Several other causes dictated this policy of reserve. Against the Gauls, the Samnites, Pyrrhus, and Hannibal,—in other [Pg 5072] words, for the defense of Latium and of Italy,—Rome had employed all her strength; it was then a question of her existence: whereas, in the wars with Greece and with Asia, her ambition and her pride alone were interested; and wisdom demanded that some relaxation be given to the plebeians and the allies. The Senate had moreover too many affairs on its hands—the wars with Spain, with Corsica, with Cisalpina, and with Istria—to admit of its becoming deeply involved in the East. Therefore two legions only will fight Philip and Antiochus—that will suffice to conquer, but would be too little to despoil them. Furthermore, the Senate believed that in penetrating into this Greek world, where an old glory concealed so much weakness, they could not accord too much to prudence. These pitiless enemies of the Volscians and the Samnites will not proceed in their next wars by exterminating their adversaries and wasting their country. "It was not with such a purpose," said they, "that they came to pour out their blood; they took in hand the cause of oppressed Greece." And that language and that policy they will not change after victory. The first act of Flamininus, on the day after Cynoscephalæ, was to proclaim the liberty of the Greeks. All who bore that respected name seemed to have the right to Roman protection; and the little Greek cities of Caria, and of the coasts of Asia and Thrace, received with astonishment their liberty from a people that they hardly knew. All were captivated by this apparent generosity. None perceived that in restoring independence to the cities and States, Rome wished to break up the confederations that sought to reorganize and would perhaps have given new force to Greece. In isolating them and attaching them to herself by grateful ties, she placed them almost insensibly under her influence. She made allies of them; and every one knows what the allies of Rome became. Thus the Senate was so well satisfied with this policy, which created division everywhere and awakened extinct rivalries, that for half a century it followed no other.

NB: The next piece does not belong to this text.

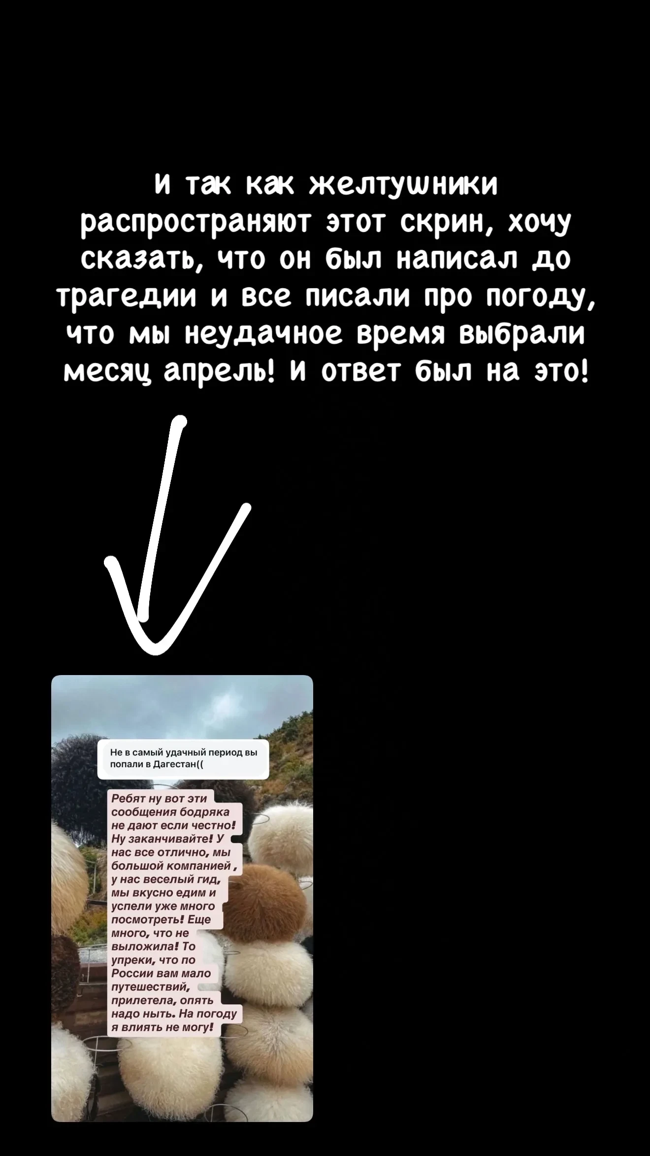 Впрочем, позже Ксения Бородина объяснила, что скандальный пост был опубликован ещё до ухудшения ситуации и стал ответом подписчикам, критиковавшим выбор времени для поездки. Телеведущая выразила соболезнования семьям погибших и пообещала организовать гуманитарную помощь.
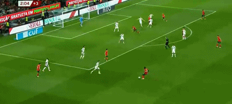 上半场结束前,45+3分钟,门德斯在左路送出妙传,C罗反越位,甩开防守球员,在门前抢点推射破门,梅开二度!这是C罗在世预赛打进的41球,已经领先第二名2球了。

Although in literature Rome was but the echo of Greece, she civilized all the Western world, for which the Greeks had done nothing. Her language, out of which sprang the various languages of the Romance nations, is in case of need a means of communication among scholars of all countries, and her books will always remain—a wise selection being made—the best for the higher culture of the mind. They have merited above all others the title of litteræ humaniores, the literature by which men are made. A cardinal, reading the 'Thoughts of Marcus Aurelius' (written in Greek, it is true, but written by a Roman), exclaimed, "My soul blushes redder than my scarlet at sight of the virtues of this Gentile."
Suppose Rome destroyed by Pyrrhus or Hannibal, before Marius and Cæsar had driven the German tribes back from Gaul: their invasion would have been effected five centuries sooner; and since they would have found opposed to them only other barbarians, what a long night would have settled down upon the world!
It is true that when the Roman people had laid hands upon the treasures of Alexander's successors, the scandal of their orgies exceeded for a century anything that the East had ever seen; that their amusements were sanguinary games or licentious plays; that the Roman mind, after receiving a temporary benefit from Greek philosophy, went astray in Oriental mysticism; and that finally, after having loved liberty, Rome accepted despotism, as if willing to astonish the world as much by her great corruption as she did by the greatness of her empire.
But can we say that no other age or nation has known servility of soul, licentiousness in public amusements, and the conspicuous depravity in morals that is always to be seen where indolence and wealth are united?
To the legacies left by Rome which have now been enumerated, we must add another, which ranks among the most precious. Notwithstanding the poetic piety of Virgil, and Livy's official credulity, the dominant note of Latin literature is the indifference of Horace, when it is not the daring skepticism of [Pg 5074] Lucretius. To Cicero, Seneca, Tacitus, and the great jurisconsults, the prime necessity was the free possession of themselves, that independence of philosophic thought which they owed to Greece. This spirit, begotten of pure reason, was almost stifled during the Middle Ages. It reappeared when antiquity was recovered. From that day the renascent world set forward again; and in the new path France, heir of Athens and of Rome, was long her guide—for art in its most charming form, and for thought, developed in the light.
Upon a medal of Constantine his son presents to him a globe surmounted by a phœnix, symbol of immortality. For once the courtiers were not in the wrong. The sacred bird which springs from her own ashes is a fitting emblem of this old Rome, dead fifteen centuries ago, yet alive to-day through her genius: Siamo Romani.